Loading dataset (i.e. song lyrics file)

# I have earlier extracted only the lyrics from the file
textfile = "/home/ignatius/Desktop/new_projects/Mo/sample_lyrics_only.csv"
def read_input(input_file):
    with open(input_file,'r',encoding='utf8') as f:
        for i, line in enumerate(f):
            if sent_tokenize(line):
                yield sent_tokenize(line)
sentences = []
for sents in read_input(textfile):
    sentences.extend(sents)
s = SplitIndexedList(sentences)

Viewing file size and top lines

top = 3 #modify this value to see more or less...
print(len(s))
for i, sent in enumerate(s):
    if (i<top): print(sent)
    else: break
131
(['من', 'يوم', 'ماجيت', 'على', 'قلبى', 'ناديت', 'بهوالك', 'حسيت', 'فرحة', 'عينى'], 0)
(['دا', 'انا', 'روحى', 'معاك', 'قلبى', 'بيهواك', 'وبعيش', 'وياك', 'كل', 'سنينى'], 1)
(['والله', 'واحلوت', 'الايام', 'لما', 'حسيت', 'معاك', 'بغرام'], 2)

Loading AraVec pre-trained embedding

# I downloaded and extracted it before this...
print("Be patient...this might take a while...", end="")
model_path = "/home/ignatius/Desktop/new_projects/Mo/AraSIF-master/models/full_grams_sg_300_wiki.mdl"
model = Word2Vec.load(model_path)
print("Model successfully loaded!")
Be patient...this might take a while...Model successfully loaded!

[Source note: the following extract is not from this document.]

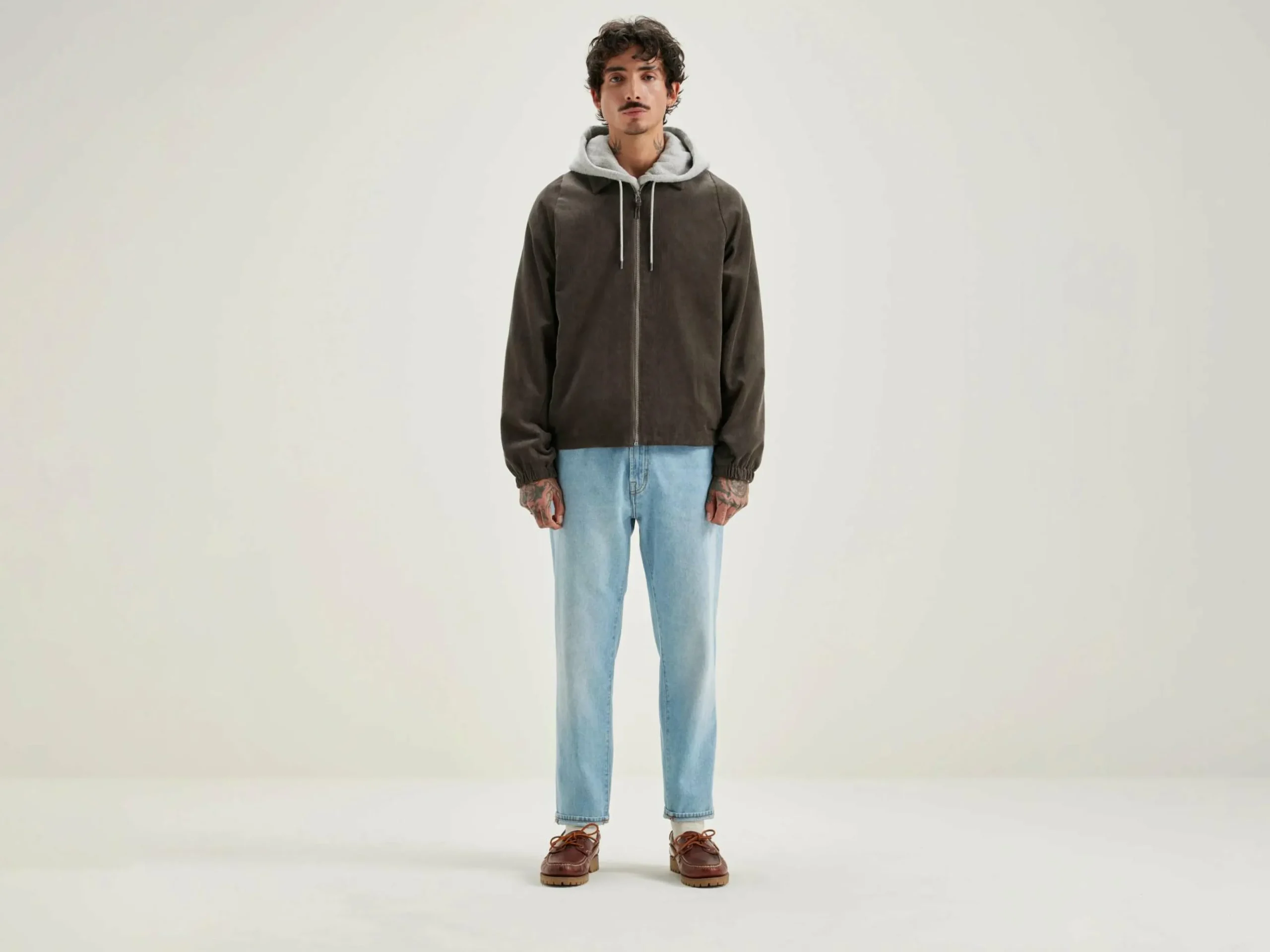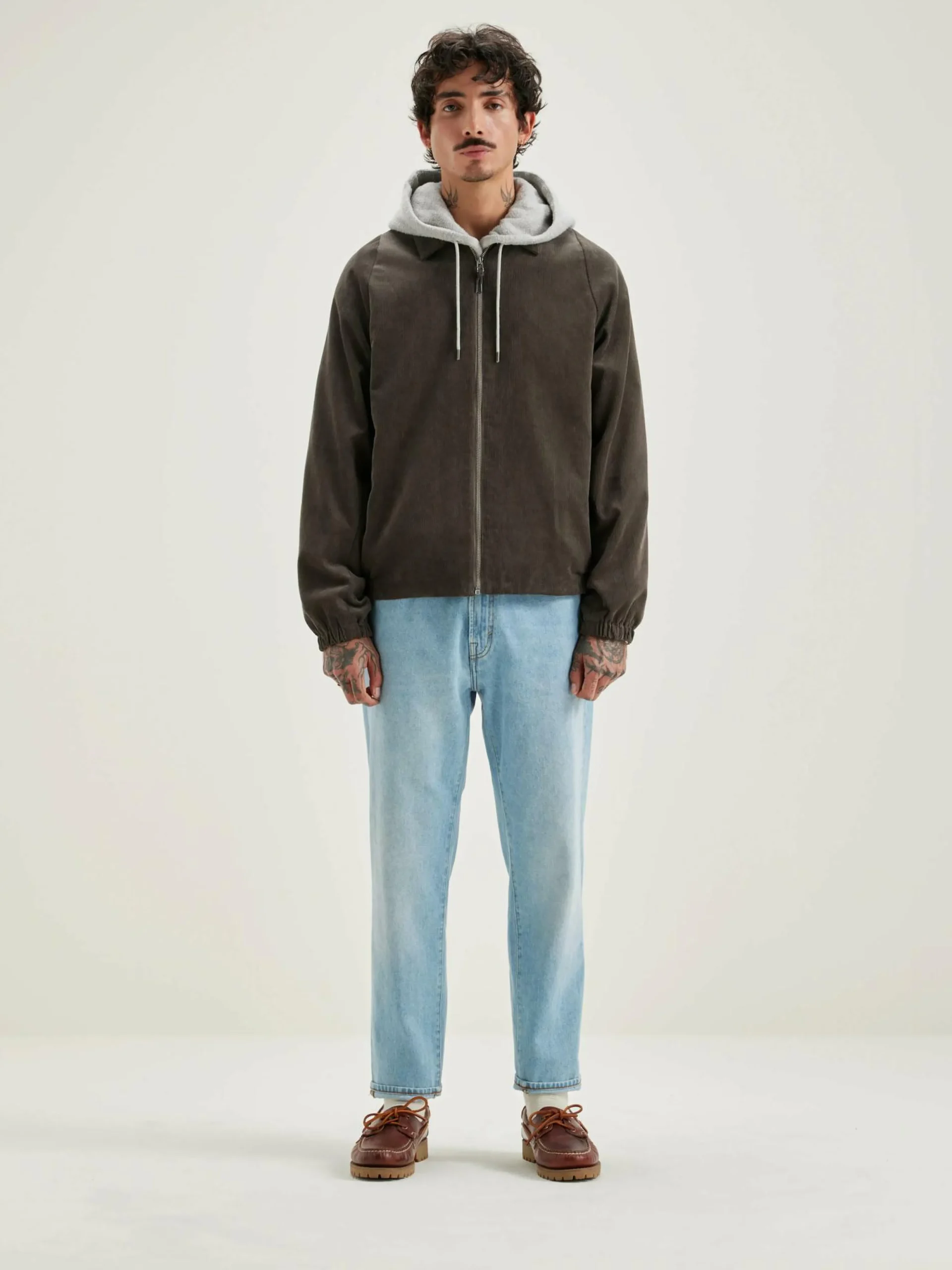 Veste de golf coupe classique et droite en velours côtelé gris foncé.

Training sentence embedding

# Just to confirm that MAX_WORDS_IN_BATCH=1000; FAST_VERSION=1.
# Recommended values
print(f"MAX_WORDS_IN_BATCH = {MAX_WORDS_IN_BATCH}\nFAST_VERSION = {FAST_VERSION}")
MAX_WORDS_IN_BATCH = 10000
FAST_VERSION = 1

Actual Training...

I think (please don't quote me :D) the returned tuple is the number of sentences (or lyric lines) and vocabulary of the lyric dataset i.e. number of the unique words that appeared in the dataset.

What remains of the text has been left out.